Hi everyone I'm new here and just really need some help deciding whether or not to buy a used circle Y that I am looking at. 

It's a Flex-Lite by circle Y trail saddle. Brand new condition only a few rides on it. She was asking 1,200 I offered her $650 and she said she would accept the offer! This a good deal? Not a good deal? And are the flex-lites good? It's medium bars.
Thank you so much in advance!!


----------



## ChieTheRider (May 3, 2017)

I'd say it's a good deal especially since you offered almost half and she said she'd accept it. Where are you buying it from? Online? It seems slightly odd that they'd accept an offer so far away from the asking price.


----------



## BabyBlue77 (Jul 22, 2020)

Buying from Facebook marketplace I will be meeting her in person to make sure the saddle fits my horse cuz I'm not sure about medium bars. I have mutual friends with her on Facebook as well we live close to each other. I think she's just ready to get rid of all her horse stuff🤷


----------



## ClearDonkey (Nov 27, 2016)

I'm suspicious as well - saddles to depreciate immediately after being taken out of a tack shop's doors, but it is odd she accepted such a low offer. If you are buying it in person, make sure to check out the tree, and even stolen item ads online.
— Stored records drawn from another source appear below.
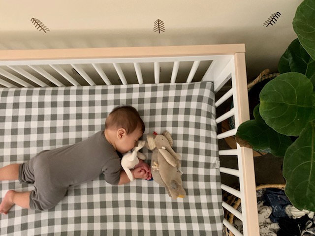 Since our baby was used to having us rocking them for hours, we decided to introduce a comfort object or lovey. This is an object that your baby forms an attachment to. It can be a blanket, stuffed animal, or another small object that helps your little one transition through life changes. This cherished item gives your child something to associate with sleep without relying on you to do the work. While a lovey doesn’t work for all babies, our kids latched on to their loveys very quickly. It also helped them with big transitions like going to daycare or on a family trip.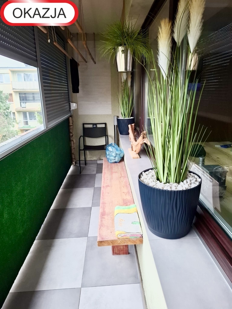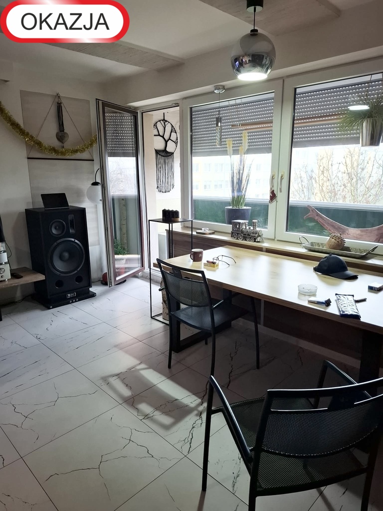 W pokoju dziennym na podłodze terakota, ściany gładzone pomalowane, wyjście na przestronny balkon loggia ( zabudowany)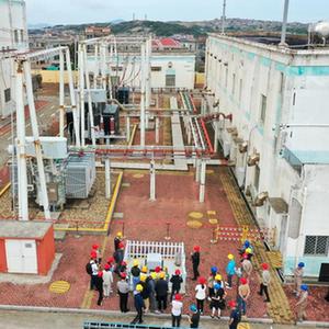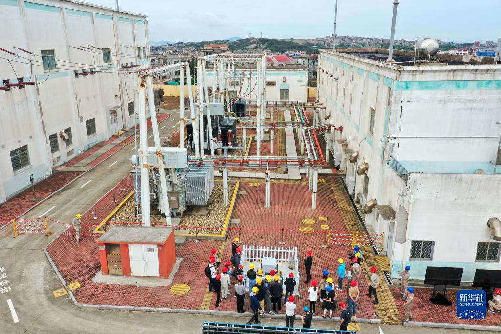 4月20日,媒體記者在福建平潭前進(jìn)變電站參觀(guān)無(wú)人機自主巡檢應用場(chǎng)景。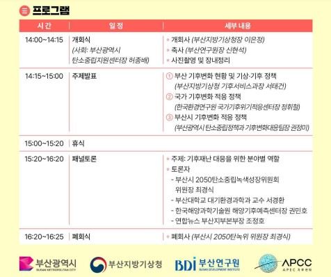 또 한국환경연구원 정휘철 국가기후 위기적응센터장은 '국가 기후변화 적응 정책'을 주제로 제3차 국가 기후위기 적응 강화대책 및 향후 계획을 공유하고, 부산시 권정미 탄소중립정책과 기후변화대응팀장은 '부산시 기후변화 적응 정책'을 주제로 부산의 기후변화로 인한 피해 완화 및 사전 예방을 위한 대책을 소개했다.

If you are buying it online, PayPal Goods & Services, and be prepared to have $650 held by PayPal if you have to dispute the charge if it turns out to be a scam.
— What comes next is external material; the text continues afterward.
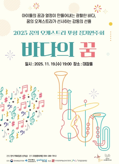 이번 공연은 포항 지역 아동·청소년으로 구성된 오케스트라 단원들이 1년 간의 음악적 성장을 무대 위에서 시민들과 나누는 뜻깊은 자리로, 그동안 쌓아온 실력을 생생한 합주로 선보일 예정이다.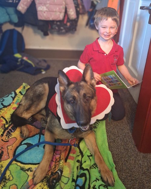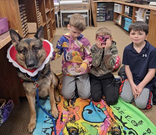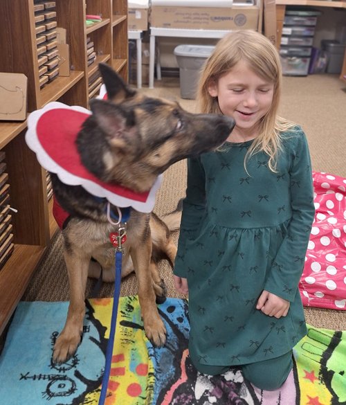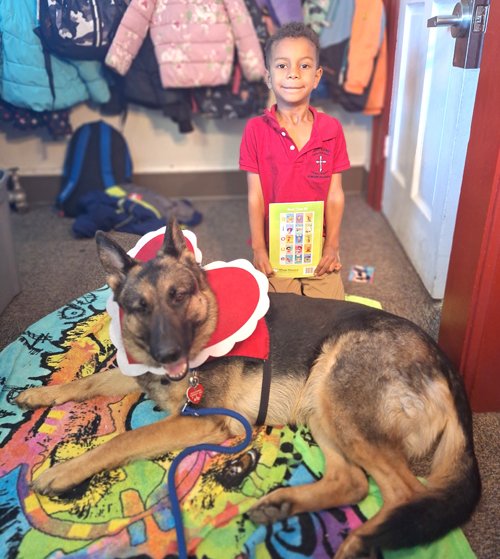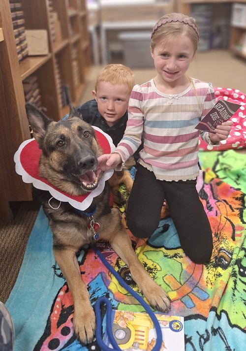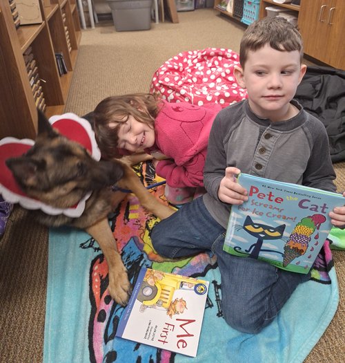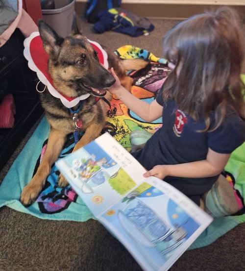 2/9/26 & 2/12/26: Hopeful doing Reading Dog in her Valentine’s Day costume with the Tongue River Elementary kids and the Holy Name School kindergarteners

I wish everyone could be trusted, but tack scams are way more common that one would think, especially online.


----------



## horselovinguy (Oct 1, 2013)

From what I know of the saddles, you may pay that amount to purchase new...
Walk out the door and it is worth half...
Ride in it some and worth less...
Truth about most saddles bought new is they are overinflated in price paid.
The seller was trying to sell that saddle for what she paid for it new...that is about all they cost during the time she bought it I bet.

The tag says Park & Trail, a very popular model but been discontinued for many, many years.
You can still have one made "custom" since Circle Y owns every piece of that saddle construction with patents...
I don't know much about the flex tree saddles as far as values...
Most used Park & Trail model saddles are asking price around $600...what is the actual sold price I have no idea about.
I would think what you are paying is about average, not stealing it but not getting taken either.
The stirrups are scuffed enough this saddle was ridden in but not abused and the seat has some wear marks too where thigh sat against the saddle fender skirting.
The saddle fleece looks a bit packed cause I know what mine looked like when it was new..

Make sure that tree is true, not racked or twisted...how you are going to do that on a flex-tree I don't know.
Otherwise the saddle looks in nice condition and taken care of.
If you are happy with it, it fits your horse well, horse is comfortable, you are comfortable then head on down the trail and be happy with your purchase.
The serial number on that saddle plate will tell you everything you need to know about that saddle...use Circle Y's website to decipher all the particulars or hopefully the seller still has the paperwork that comes with the new saddle. Depending upon age it might still have some warranty from the factory covering it.

Enjoy your saddle.
:runninghorse2:...


----------